6 sessions ont permis aux ambassadeurs de dresser collectivement un paysage des représentations liés à la thématique de la jeunesse, d’en cartographier les problématiques, puis, au travers d’immersions, de confronter ces éléments aux jeunes mulhousien et aux acteurs du secteur – enseignants et personnels des établissements scolaires, animateurs culturels, responsables associatifs, etc. Le travail s’est nourri d’une veille créative qui a enrichi les idées produites, au travers de décalages, de transpositions, d’inspirations. Il s’est poursuivi sur le mode du prototypage et de l’essai-erreur: synthétiser les trouvailles et les idées, formaliser des objets tests (cartes martyres, scénarios d’usage, maquettes, etc.), confronter ceux-ci aux regards des utilisateurs potentiels et des services (expositions, interviews, forum, etc.). Le rendu final a pris la forme d’une exposition et d’un cahier d’inspiration, qui préparera le moment venu la reprise des propositions par le pôle Sport et Jeunesse.

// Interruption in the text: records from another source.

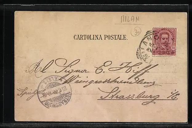 gelaufen 1900, Einrisse re. u. unten mittig, guter Zustand
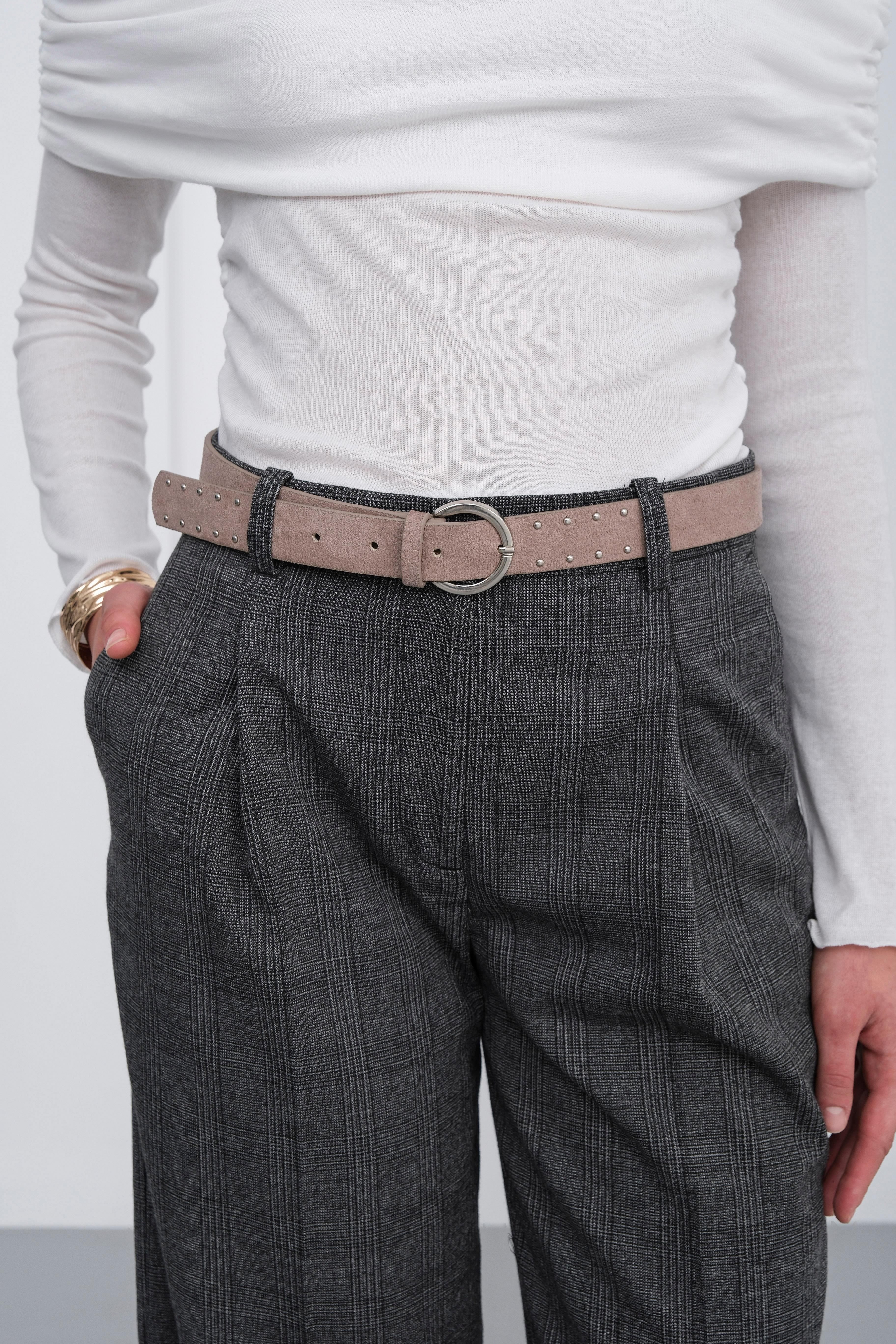 Süet Yuvarlak Tokalı Troklu Kemer Vizon
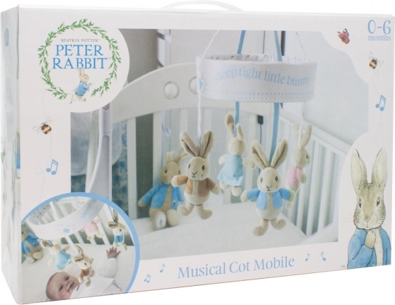 Karuzela zawiera cztery postacie króliczków: Piotruś, Flopsy, Beniamin i Cotton Tail, które dodają dziecięcemu pokojowi uroku oryginalnych historii.
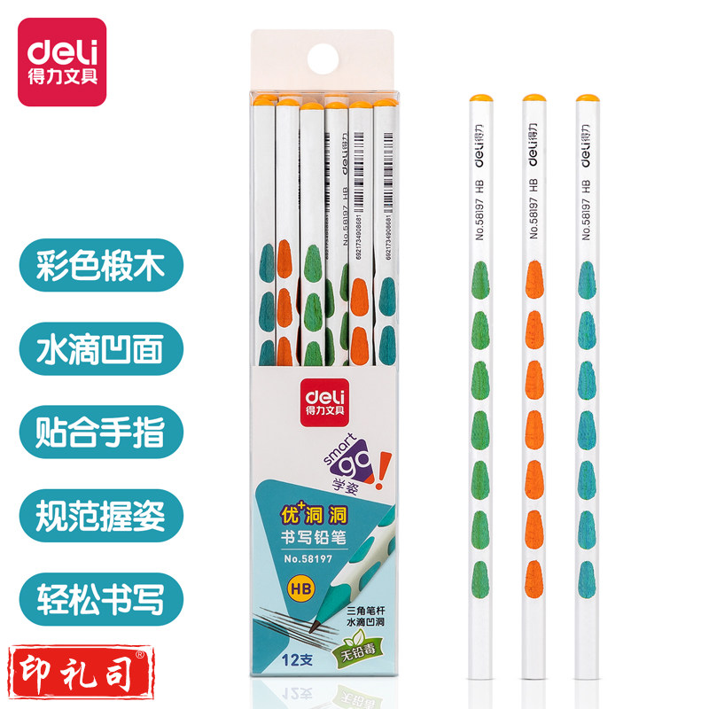 得力58197_优+洞洞HB铅笔12支PET盒装(混)(12支/盒)
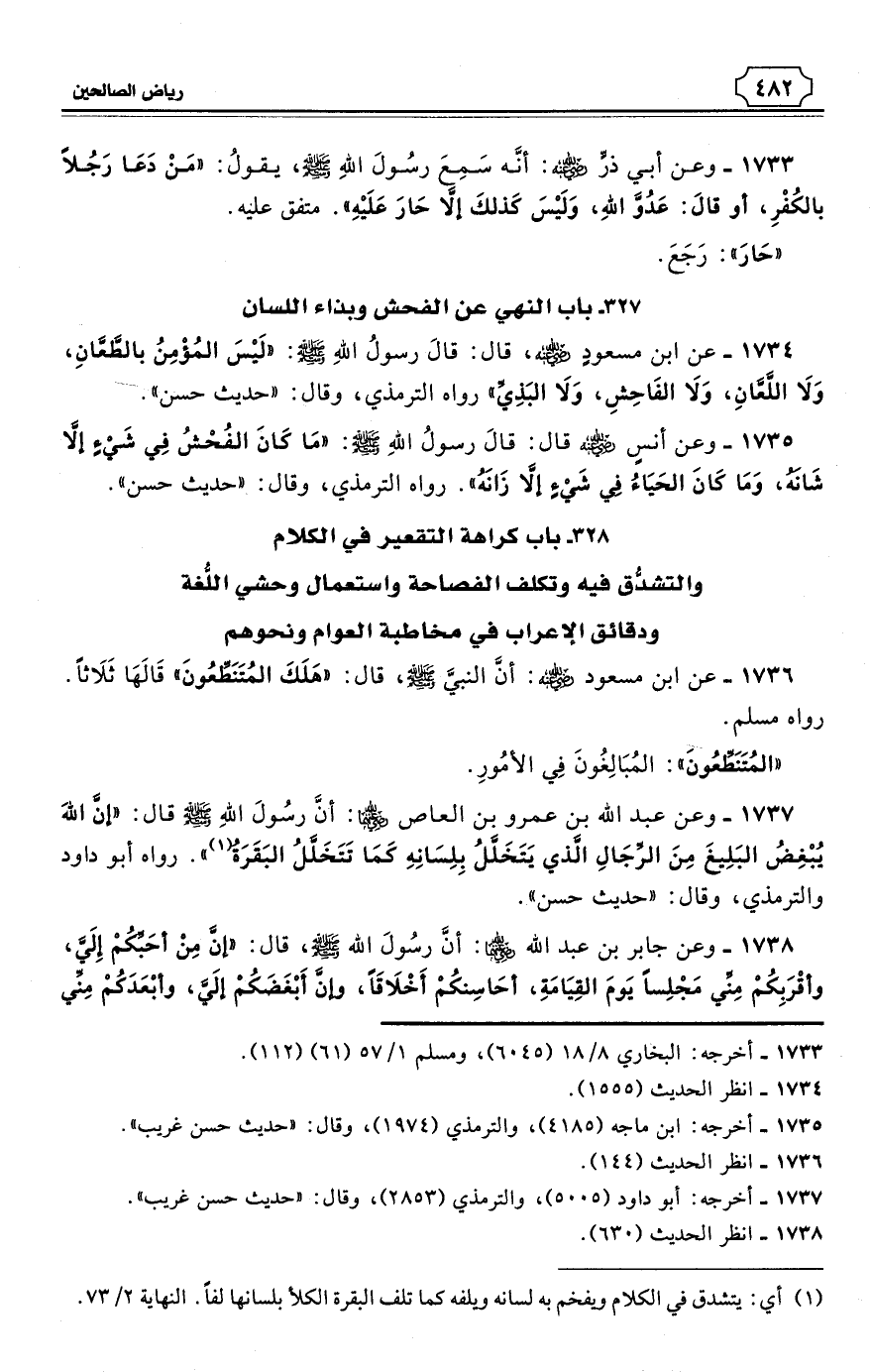 328 - باب كراهة التقعير في الكلام والتشدُّق فيه وتكلف الفصاحة واستعمال وحشي اللُّغة
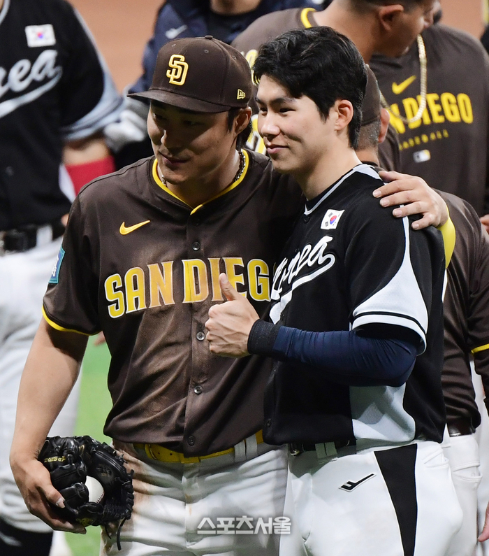 샌디에이고 파드리스 김하성(왼쪽)이 17일 고척스카이돔에서 열린 ‘메이저리그 월드투어 서울 시리즈 2024’ 팀 코리아와 스페셜 매치가 끝난 뒤 김혜성과 기념촬영을 하고 있다. 2024. 3. 17. 고척 | 박진업 기자 upandup@sportsseoul.com
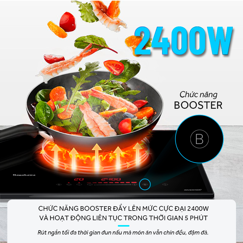 Khi lựa chọn chức năng Booster, công suất bếp đôi điện từ Nagakawa NAG1202M sẽ nhanh chóng được đẩy lên mức cực đại trong thời gian cực ngắn và hoạt động liên tục trong thời gian 5 phút, giúp rút ngắn tối đa thời gian đun nấu. Cụ thể, công suất bếp mặc định ở mức 1 là 400W, nếu chọn chức năng Booster, bếp nhanh chóng đạt công suất cực đại từ 2400W.

Ce travail d’enquête, d’idéation, de créativité a permis la formulation de pistes nouvelles pour améliorer ce dispositif à destination des jeunes : donner à l’offre une dimension citoyenne à travers des propositions d’engagement en partenariat avec des structures associatives, imaginer un élargissement des publics concernés et une adaptation des propositions en fonction de tranches d’âges (10-15 ans, 15-18 ans et 18-25 ans), proposer un format numérique (une appli) plutôt que le chéquier papier en usage de 2010 à 2014.  

Comme à Paris, cette expérimentation-apprenante a permis aux ambassadeurs de découvrir des cas inspirant  et de commencer à s’approprier des méthodes créatives notamment issues du design. Celles-ci viennent parfois bousculer les modes de travail habituels de la collectivité. Plusieurs ambassadeurs ont ensuite présenté ces méthodes à leur service, d’autres en ont tenté l’application à des projets en cours, “piratant” les modes de faire habituels. L’une des ambassadrices Mulhousienne a ainsi initié une évolution des priorités d’aménagement des abords d’un équipement municipal destiné aux jeunes, en proposant une cartographie rendant lisible les usages de l’espace au lieu d’un traditionnel plan de voiries.

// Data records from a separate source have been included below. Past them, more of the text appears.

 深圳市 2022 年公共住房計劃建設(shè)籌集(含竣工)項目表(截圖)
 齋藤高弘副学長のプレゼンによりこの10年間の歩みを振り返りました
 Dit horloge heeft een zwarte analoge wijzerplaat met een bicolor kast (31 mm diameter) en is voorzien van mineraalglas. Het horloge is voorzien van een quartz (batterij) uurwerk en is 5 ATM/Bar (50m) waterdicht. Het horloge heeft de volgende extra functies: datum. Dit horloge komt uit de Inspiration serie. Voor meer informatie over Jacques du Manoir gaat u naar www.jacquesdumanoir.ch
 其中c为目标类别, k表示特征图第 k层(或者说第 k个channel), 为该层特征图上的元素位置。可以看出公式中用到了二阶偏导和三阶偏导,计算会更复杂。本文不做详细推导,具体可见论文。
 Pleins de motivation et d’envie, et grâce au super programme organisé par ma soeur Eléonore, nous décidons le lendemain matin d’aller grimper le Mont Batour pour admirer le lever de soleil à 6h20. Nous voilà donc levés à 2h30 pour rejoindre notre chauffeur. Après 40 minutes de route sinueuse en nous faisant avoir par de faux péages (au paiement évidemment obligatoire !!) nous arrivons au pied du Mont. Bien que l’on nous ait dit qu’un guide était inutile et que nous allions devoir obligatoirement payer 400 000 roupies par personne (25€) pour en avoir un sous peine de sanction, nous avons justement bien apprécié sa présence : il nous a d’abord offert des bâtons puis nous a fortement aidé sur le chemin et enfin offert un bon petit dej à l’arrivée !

« Nous travaillons actuellement sur la rénovation d’une place, et le fait de débuter le projet par une réflexion sur les usages a vraiment permis d’imaginer de nouvelles approches qui vont donner plus de sens au projet. Mais c’est une révolution culturelle pour les profils juridiques et techniques…  » (un chef de service à Mulhouse)32769872802_8bdf1012fb_k

Associer les élus dès le début et de façon suivie à la réflexion et aux développements de la Transfo apparaît, au fil des sessions, un point clé pour garantir l’appropriation et la pérennisation de la démarche au sein de la collectivité, et éviter toute dichotomie entre discours favorable à l’innovation d’une part et phénomène de ‘business as usual’ au quotidien.  Nous cherchons ensemble les modalités de ce partage : réunions régulières, invitation à des phases de test et de restitution, ateliers dédiés … L’émergence d’une dynamique d’innovation nécessite, de la part des élus comme des agents, une transformation des modes d’exercice:  développer leur capacité à penser le long terme, à faire de la prospective ; apprendre à l’écoute des futurs bénéficiaires des politiques publiques, revenir avant tout aux sources d’un questionnement, imaginer d’autres manières de voir plutôt que poser l’urgence d’une décision; travailler de façon plus partenariale et confiante avec l’administration ; construire de nouvelles formes de leadership et de rapport au pouvoir, plus partagé, plus collectif (Sujets qui ont déjà été exploré par la 27e région au fils des Eclaireurs – L’élu inoffensif et de la Transfo Pays de LoireLe démarreur bienveillant)

Au-delà de nouvelles méthodes de travail, c’est ainsi une évolution de la culture, de la posture et des compétences que cherche à initier la Transfo dans l’optique de l’émergence du Labo : travailler en mode projet, inventer des interactions et des complémentarités en dehors des hiérarchies ou des silos, autoriser l’expérimentation. Il s’agit finalement moins, au travers de ces cas pratiques, de trouver la solution à un problème donné que de redéfinir la question et d’imaginer des réponses possibles et innovantes. Les ambassadeurs sont invités à faire par eux même, avec les ressources disponibles, à inventer des coopérations au sein de l’institution et avec l’écosystème local, à s’appuyer sur leurs capacités tant professionnelles que personnelles, à utiliser le décalage et l’ouverture, à sortir des sentiers battus de leur collectivité. Créativité, ingéniosité, questionnement, intuition, curiosité, initiative sont les compétences clés pour la réussite de telles démarches. Le programme est enthousiasmant, émancipateur, mais il crée également des zones de décalage et d’inconfort, révélateurs de dysfonctionnements, de fragilités, de blocages institutionnels.  C’est dans cet interstice mouvant que chaque collectivité invente et co-construit sa capacité d’innovation.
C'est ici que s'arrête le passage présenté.